The statue of John C. Calhoun looms over Marion Square, reminding the college students, the homeless, and the tourists who pass under it of Charleston's past as the center of the slave trade in the United States and the Palmetto State's honor as the first state to secede. The spirit of the South Carolina secessionist also lives on at the Eighth Annual Abbeville Scholar's Conference, taking place just a few steps away at the Francis Marion Hotel.
The conference, featuring both the academic and the average Joe, is hosted by the Atlanta-based Abbeville Institute, a think-tank of sorts dedicated to studying one of Calhoun's pet causes, secession. The institute also takes its name from Calhoun's birthplace in Abbeville.
For some, the Calhoun connection alone might call into question the Abbeville Institute. Is it simply a better-educated, more-mannered player in the white power movement or an honest-to-not-so-Honest Abe think tank dedicated to the study of secession?
It's a charge that has been leveled many times. After all, the founder of the Abbeville Institute, Don Livingston, is a former member of the League of the South, a secessionist group seeking to implement a decidedly anti-egalitarian Christian government in which white Southern values and European-based culture reign.
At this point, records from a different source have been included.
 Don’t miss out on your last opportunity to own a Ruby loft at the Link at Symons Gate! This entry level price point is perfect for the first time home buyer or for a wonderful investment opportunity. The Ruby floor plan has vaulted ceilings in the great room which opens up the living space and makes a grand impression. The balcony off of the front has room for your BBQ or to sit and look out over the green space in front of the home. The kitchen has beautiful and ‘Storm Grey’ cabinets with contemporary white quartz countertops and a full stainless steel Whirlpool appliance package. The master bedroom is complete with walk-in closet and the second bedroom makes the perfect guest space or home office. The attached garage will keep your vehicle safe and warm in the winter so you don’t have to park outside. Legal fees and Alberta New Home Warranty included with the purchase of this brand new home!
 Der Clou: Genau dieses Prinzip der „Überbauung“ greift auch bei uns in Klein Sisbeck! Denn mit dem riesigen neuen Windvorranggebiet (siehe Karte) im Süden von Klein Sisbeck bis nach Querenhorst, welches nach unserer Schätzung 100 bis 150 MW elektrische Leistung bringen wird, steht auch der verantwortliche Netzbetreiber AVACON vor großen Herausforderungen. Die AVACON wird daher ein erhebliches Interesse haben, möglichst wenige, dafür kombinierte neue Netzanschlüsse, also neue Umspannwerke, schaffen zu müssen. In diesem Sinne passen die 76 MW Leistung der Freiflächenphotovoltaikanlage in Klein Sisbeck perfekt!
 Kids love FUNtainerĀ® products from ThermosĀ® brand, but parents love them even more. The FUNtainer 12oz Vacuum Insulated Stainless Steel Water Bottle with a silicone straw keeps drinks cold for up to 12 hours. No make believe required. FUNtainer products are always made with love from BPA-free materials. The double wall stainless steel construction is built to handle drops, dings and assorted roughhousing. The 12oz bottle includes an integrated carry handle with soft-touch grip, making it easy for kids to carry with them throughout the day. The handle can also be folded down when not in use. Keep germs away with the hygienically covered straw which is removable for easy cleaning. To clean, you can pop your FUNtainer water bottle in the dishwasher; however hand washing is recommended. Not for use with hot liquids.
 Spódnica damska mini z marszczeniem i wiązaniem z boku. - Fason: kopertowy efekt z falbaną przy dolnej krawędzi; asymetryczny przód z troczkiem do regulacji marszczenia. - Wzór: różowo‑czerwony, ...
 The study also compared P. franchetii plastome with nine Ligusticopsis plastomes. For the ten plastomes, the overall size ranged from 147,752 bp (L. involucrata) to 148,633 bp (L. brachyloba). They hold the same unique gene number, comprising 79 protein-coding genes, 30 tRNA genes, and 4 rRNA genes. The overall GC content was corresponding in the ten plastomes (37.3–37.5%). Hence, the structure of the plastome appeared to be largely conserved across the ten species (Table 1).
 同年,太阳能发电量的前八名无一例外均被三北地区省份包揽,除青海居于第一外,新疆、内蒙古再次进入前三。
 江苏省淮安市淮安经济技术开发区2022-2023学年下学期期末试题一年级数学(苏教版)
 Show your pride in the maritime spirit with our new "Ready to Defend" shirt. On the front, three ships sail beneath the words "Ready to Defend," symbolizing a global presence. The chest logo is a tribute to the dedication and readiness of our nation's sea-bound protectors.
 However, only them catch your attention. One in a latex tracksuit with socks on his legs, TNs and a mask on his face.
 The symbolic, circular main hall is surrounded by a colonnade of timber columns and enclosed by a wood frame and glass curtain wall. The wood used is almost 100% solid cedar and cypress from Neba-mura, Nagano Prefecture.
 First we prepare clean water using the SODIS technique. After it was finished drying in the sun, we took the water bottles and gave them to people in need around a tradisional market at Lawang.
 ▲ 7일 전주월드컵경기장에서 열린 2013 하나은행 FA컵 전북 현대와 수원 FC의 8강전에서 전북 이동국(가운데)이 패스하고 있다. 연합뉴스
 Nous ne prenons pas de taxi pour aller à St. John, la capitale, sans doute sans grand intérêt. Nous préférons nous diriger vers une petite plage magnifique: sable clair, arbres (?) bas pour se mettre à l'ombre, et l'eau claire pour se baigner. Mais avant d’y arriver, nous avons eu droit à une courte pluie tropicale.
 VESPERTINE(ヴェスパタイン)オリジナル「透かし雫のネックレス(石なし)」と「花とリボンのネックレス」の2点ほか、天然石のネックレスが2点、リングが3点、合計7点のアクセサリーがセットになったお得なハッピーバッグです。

And at least one attendee we spoke to at the conference, Jim Hanks, was once the chairman of the South Carolina branch of the League of the South.
According to both the Southern Poverty Law Center and the Anti-Defamation League, the League of the South is a white supremacist organization.
Hanks, for one, denies the accusation.
"There is a charge that our organization is racist, and it's only built on a knee-jerk reaction — and government schools and who won the war — that any regional independent movement in the South has to be based upon the desire to segregate the races. It doesn't apply to us," Hanks says. "We have black members in our organization. We have black speakers at our meetings."
He adds, "Human beings have rights. There is no grouping that trumps human rights."
Hanks says that the League does not accept "race hatred" of any kind.
Of course, the League and the Abbeville Institute are two separate entities, and any attempt to label all, if not most, attendees at the conference as avowedly racist would be a mistake. Stephen Heiner, an Abbeville Institute student, is proof of that. Heiner is an Asian American.
As for charges that the attendees of the Abbeville Institute event are racists, Heiner says, "Unfortunately, and no pun intended, we're going to get tarred with that brush anyway."
He adds, "From everything that I have seen, I have never had the sense from any of the events that I attended that I'm with a bunch of people that hate other races."
As for his own personal beliefs about the Lost Cause, Heiner himself believes the issues leading up to the Civil War are incredibly complex. Moreover, his own beliefs may have been at odds with the majority of white Southerners at that time. "I do think it's very difficult for those of us, I don't want to say we would have been abolitionists, but we might have worked for the freeing of slaves, to consider a society were slaves were normal, but it was their way, and I'm a very big fan of letting people run their house their own way," Heiner says. "It's one thing to, say, support the South. It's another to say, I like slavery and bring it on, or let's bring back slavery."
Of course, as accustomed as we are to associating secession with the followers of the Lost Cause and the historical revisionists still fighting the War of Northern Aggression, that's not always the case. Or as in the words of Livingston himself, "Secession is for everybody."
And it is. In the Aloha State, the idea of secession for the native Hawaiian people is not just common, it's commonly approved. And rightfully so, considering that the Hawaiian Kingdom was illegally overthrown by the United States in 1893. And in case you need to be reminded, former Alaskan First Dude Todd Palin was a member of the secessionist Alaskan Independence Party.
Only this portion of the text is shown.